Washington Post’s Valerie Strauss on Arne Duncan

President Obama’s first education secretary Arne Duncan has written a book entitled How Schools Work, and last Sunday he talked about his work at Politics and Prose. My wife and I would have liked to be there but my grandson Oliver turned five years old and we were instead grateful to be at his ice skating birthday party watching his one year old brother Emmett.

The Washington Post’s Valerie Strauss was in attendance, and as would be expected had much to complain about concerning his remarks. She was never a fan of Mr. Duncan because he advocated policies when he was in office with which she strenuously disagrees such as the expansion of the number of charter schools, tying teacher evaluations to student test scores, and use of the Common Core curriculum. But there was one paragraph in her article about his work as United States Education Secretary that really caught my attention.

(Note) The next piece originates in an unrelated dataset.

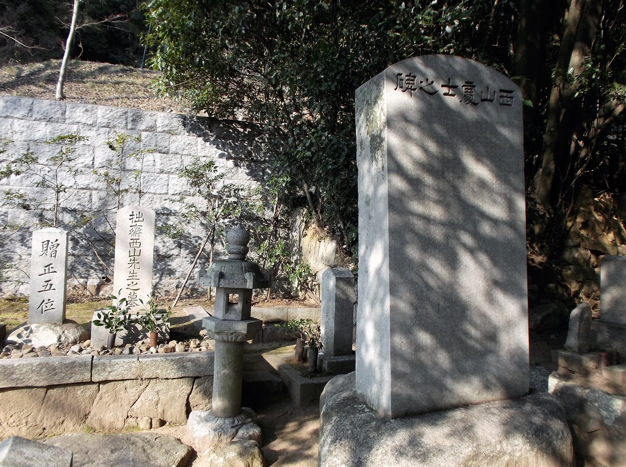 お墓は先生の人柄そのままに慎ましいものだが、手前の顕彰碑の大きさは先生の功績を表している。「西山処士之碑」とあるが、処士とは仕官しない在野の人を指す。この碑は柴野栗山撰文、頼春水題額、頼杏坪書である。栗山は寛政異学の禁を進言した儒者、春水は頼山陽の父、杏坪は山陽の叔父という有名な儒者三人が関わっているので「三絶の碑」と呼ばれている。

“What he didn’t do, which some in the education world argue is the most important thing he could have attacked, is this: attempt to change the way the United States funds its public schools. School districts rely in large part on property taxes, which guarantees that poor communities have schools with fewer resources. Federal funding aimed at closing the gap doesn’t come close, and, so, in this country, standardized test scores tell us only where a child lives, making reforms that place high stakes on the scores nonsensical.”

It is tragically true that in 2018 for far too many students standardized test scores tell us only where a child lives. But a policy that dramatically changes this equation, private school vouchers, is attacked at every opportunity by Ms. Strauss and Mr. Duncan. When he served in Mr. Obama’s cabinet, Mr. Duncan took every step at his disposal to shutdown D.C.’s Opportunity Scholarship Program, the private school voucher plan created by Congress for kids living in poverty. He so restricted the number of families that could participate that instead of continuing to administer the awards, Joseph E. Robert, Jr. closed the Washington Scholarship Fund, the organization he had founded to provide private school tuition for low-income scholars. Here is the letter Mr. Robert sent to Mr. Duncan in 2009 about his decision.

This is what I would have asked him about if I could have attended the book forum. I would have wanted to know how he could sleep at night knowing that while his children received a high quality education, be personally blocked hundreds of young people without means from the same chance.